El Gobierno nacional formalizará este miércoles 22 de julio de 2026 el envío a la Cámara de Diputados de la versión corregida de la Ley de Inocencia Fiscal. El anuncio estará a cargo del ministro de Economía, Luis Caputo, en una conferencia de prensa en el quinto piso del Palacio de Hacienda. El objetivo central de la reforma es eliminar los obstáculos normativos señalados por profesionales tributarios para incentivar el ingreso al circuito formal de unos USD 170.000 millones que actualmente permanecen no bancarizados.
La reestructuración del texto surge tras una serie de reuniones entre el equipo económico y especialistas del sector privado. El proceso derivó en una prórroga provisoria: si bien la fecha de pago del impuesto a las Ganancias se mantendrá para el próximo 27 de julio, la obligación de presentar la declaración jurada fue postergada hasta el 27 de agosto.

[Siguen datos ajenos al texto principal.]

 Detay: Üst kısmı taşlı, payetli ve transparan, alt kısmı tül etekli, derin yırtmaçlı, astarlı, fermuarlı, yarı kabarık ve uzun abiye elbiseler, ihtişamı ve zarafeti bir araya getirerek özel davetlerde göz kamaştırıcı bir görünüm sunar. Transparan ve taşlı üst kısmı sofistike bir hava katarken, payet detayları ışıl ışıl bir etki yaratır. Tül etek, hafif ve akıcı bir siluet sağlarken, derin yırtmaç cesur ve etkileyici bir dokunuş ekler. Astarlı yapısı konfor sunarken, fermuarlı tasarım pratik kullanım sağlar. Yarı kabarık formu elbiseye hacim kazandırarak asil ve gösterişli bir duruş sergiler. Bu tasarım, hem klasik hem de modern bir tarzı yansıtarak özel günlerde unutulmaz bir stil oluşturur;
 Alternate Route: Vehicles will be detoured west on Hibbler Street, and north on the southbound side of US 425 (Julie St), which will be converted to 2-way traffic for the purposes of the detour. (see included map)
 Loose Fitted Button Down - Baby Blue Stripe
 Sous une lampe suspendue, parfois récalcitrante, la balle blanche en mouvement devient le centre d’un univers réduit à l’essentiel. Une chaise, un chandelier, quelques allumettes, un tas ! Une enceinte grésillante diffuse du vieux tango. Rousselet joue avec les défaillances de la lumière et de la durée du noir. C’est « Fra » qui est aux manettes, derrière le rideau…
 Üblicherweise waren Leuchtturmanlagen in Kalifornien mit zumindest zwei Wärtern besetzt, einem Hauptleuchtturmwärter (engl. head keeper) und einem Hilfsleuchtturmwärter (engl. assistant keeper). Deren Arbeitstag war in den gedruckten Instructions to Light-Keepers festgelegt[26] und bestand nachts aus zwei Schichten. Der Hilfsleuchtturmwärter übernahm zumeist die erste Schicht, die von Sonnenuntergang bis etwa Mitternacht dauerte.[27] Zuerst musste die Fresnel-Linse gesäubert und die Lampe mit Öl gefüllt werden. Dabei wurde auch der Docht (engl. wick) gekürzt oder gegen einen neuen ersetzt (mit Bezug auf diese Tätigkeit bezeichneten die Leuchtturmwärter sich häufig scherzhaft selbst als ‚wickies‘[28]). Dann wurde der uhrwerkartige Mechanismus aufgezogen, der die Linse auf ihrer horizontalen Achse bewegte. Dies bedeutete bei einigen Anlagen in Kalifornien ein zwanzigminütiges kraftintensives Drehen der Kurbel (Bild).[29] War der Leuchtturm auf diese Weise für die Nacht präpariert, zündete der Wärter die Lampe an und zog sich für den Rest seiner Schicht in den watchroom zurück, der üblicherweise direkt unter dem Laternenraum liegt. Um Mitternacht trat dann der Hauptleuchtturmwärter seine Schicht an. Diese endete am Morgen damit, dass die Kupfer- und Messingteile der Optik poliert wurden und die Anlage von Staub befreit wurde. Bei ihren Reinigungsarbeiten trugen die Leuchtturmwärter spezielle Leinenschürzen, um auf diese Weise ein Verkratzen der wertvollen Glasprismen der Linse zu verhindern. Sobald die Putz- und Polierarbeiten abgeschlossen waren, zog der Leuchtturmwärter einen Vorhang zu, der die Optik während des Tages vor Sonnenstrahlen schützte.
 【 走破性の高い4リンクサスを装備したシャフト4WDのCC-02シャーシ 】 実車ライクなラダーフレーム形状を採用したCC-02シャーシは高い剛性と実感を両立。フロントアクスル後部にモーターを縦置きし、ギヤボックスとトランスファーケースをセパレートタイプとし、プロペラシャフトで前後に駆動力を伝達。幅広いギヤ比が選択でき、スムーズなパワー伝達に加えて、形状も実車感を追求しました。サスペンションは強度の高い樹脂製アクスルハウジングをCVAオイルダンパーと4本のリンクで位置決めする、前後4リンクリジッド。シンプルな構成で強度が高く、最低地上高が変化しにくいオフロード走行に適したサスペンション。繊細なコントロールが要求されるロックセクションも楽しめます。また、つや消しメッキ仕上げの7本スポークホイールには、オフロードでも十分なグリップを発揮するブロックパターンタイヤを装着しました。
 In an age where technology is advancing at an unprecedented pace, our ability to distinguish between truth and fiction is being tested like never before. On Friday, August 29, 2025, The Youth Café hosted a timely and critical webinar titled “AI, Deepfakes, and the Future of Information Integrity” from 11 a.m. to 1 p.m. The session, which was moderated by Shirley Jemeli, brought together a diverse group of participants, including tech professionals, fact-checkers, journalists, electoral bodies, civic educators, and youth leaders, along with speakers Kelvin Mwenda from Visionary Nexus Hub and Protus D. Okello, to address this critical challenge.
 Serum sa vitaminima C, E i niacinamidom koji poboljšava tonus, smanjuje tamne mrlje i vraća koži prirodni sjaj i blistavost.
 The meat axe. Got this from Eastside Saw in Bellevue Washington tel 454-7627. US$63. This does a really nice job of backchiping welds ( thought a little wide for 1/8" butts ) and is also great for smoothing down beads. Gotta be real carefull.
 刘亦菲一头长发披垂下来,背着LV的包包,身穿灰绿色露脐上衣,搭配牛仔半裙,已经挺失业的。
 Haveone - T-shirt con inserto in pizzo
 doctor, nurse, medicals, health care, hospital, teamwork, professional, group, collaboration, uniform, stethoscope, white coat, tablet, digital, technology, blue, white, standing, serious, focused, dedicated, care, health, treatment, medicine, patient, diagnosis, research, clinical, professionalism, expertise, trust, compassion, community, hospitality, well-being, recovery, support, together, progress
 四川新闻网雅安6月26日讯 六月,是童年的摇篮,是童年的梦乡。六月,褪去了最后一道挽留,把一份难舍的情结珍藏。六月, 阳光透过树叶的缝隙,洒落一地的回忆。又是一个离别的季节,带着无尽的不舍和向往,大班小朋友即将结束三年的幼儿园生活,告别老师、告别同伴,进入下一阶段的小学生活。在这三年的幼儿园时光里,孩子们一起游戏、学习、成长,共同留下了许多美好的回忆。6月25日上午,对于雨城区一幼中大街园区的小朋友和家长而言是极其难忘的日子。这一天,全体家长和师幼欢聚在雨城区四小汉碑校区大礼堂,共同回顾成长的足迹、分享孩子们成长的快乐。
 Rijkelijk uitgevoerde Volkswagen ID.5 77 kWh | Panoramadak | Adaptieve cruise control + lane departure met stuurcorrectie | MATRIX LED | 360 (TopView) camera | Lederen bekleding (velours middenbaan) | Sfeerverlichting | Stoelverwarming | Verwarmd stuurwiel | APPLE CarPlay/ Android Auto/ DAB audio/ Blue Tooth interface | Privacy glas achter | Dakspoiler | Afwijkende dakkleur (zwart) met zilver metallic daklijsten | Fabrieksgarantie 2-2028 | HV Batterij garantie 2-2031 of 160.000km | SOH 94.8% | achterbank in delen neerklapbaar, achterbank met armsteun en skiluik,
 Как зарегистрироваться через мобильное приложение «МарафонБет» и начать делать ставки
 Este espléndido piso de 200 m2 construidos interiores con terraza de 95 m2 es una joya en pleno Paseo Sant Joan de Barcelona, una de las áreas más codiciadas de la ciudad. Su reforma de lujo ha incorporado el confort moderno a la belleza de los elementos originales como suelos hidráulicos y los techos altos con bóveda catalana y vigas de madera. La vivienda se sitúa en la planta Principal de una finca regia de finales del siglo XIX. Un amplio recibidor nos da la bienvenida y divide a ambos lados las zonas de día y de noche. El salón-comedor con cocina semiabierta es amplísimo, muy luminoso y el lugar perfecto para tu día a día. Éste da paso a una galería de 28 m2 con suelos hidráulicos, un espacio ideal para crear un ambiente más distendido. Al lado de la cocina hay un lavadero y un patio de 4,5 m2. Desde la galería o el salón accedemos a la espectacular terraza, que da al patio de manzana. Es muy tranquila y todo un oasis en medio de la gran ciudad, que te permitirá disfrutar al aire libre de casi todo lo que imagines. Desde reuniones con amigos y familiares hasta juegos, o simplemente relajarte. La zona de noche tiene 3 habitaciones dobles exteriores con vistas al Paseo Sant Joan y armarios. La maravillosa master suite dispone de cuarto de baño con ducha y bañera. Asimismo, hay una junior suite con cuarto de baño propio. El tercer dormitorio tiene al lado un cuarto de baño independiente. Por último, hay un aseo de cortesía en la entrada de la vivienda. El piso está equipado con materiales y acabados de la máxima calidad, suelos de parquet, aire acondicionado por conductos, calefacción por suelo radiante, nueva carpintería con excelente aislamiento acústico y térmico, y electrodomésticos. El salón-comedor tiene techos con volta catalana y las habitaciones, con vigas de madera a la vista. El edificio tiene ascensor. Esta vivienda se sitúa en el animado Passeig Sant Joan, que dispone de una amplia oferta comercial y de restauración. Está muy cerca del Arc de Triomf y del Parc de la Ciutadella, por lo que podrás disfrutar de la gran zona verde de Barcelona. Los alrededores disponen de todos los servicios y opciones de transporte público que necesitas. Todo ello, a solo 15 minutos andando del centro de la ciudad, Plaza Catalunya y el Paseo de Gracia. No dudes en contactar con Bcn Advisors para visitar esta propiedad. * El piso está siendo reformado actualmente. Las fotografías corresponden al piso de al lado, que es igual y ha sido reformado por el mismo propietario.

El oficialismo confía en que la Cámara baja apruebe el nuevo cuerpo normativo antes de ese plazo para que los contribuyentes operen bajo el nuevo marco de seguridad jurídica.
Entre las modificaciones sustanciales, la propuesta redactada por el Ejecutivo elimina los límites máximos de ingresos ($1.000 millones) y patrimonio ($10.000 millones) que restringían el acceso en la versión anterior. Asimismo, ajusta el concepto de “discrepancia significativa” y revisa los umbrales de punibilidad por evasión simple, atendiendo a reclamos técnicos para evitar interpretaciones contradictorias sobre los saldos a favor.
El debate político promete intensificarse en el Congreso en torno al Régimen Simplificado de Ganancias (RSG) y la inclusión de Personas Políticamente Expuestas (PPE). La controversia cobró volumen tras confirmarse la adhesión de altos funcionarios del Poder Ejecutivo —entre ellos el exjefe de Gabinete, Manuel Adorni—, lo que motivó el rechazo de sectores de la oposición y la recomendación de tributaristas de excluir explícitamente a los agentes públicos de los beneficios liberatorios de la norma.
“Es ese ahorro que está abajo de los colchones donde la gente pierde poder de compra y el país no se beneficia porque debería estar convirtiéndose en inversión”, argumentó el ministro Caputo previo a la presentación. Desde el Palacio de Hacienda sostienen que la inyección de estos recursos al sistema bancario y al mercado de capitales (ALyCs) permitirá ampliar la oferta de crédito para pequeñas y medianas empresas e infraestructura.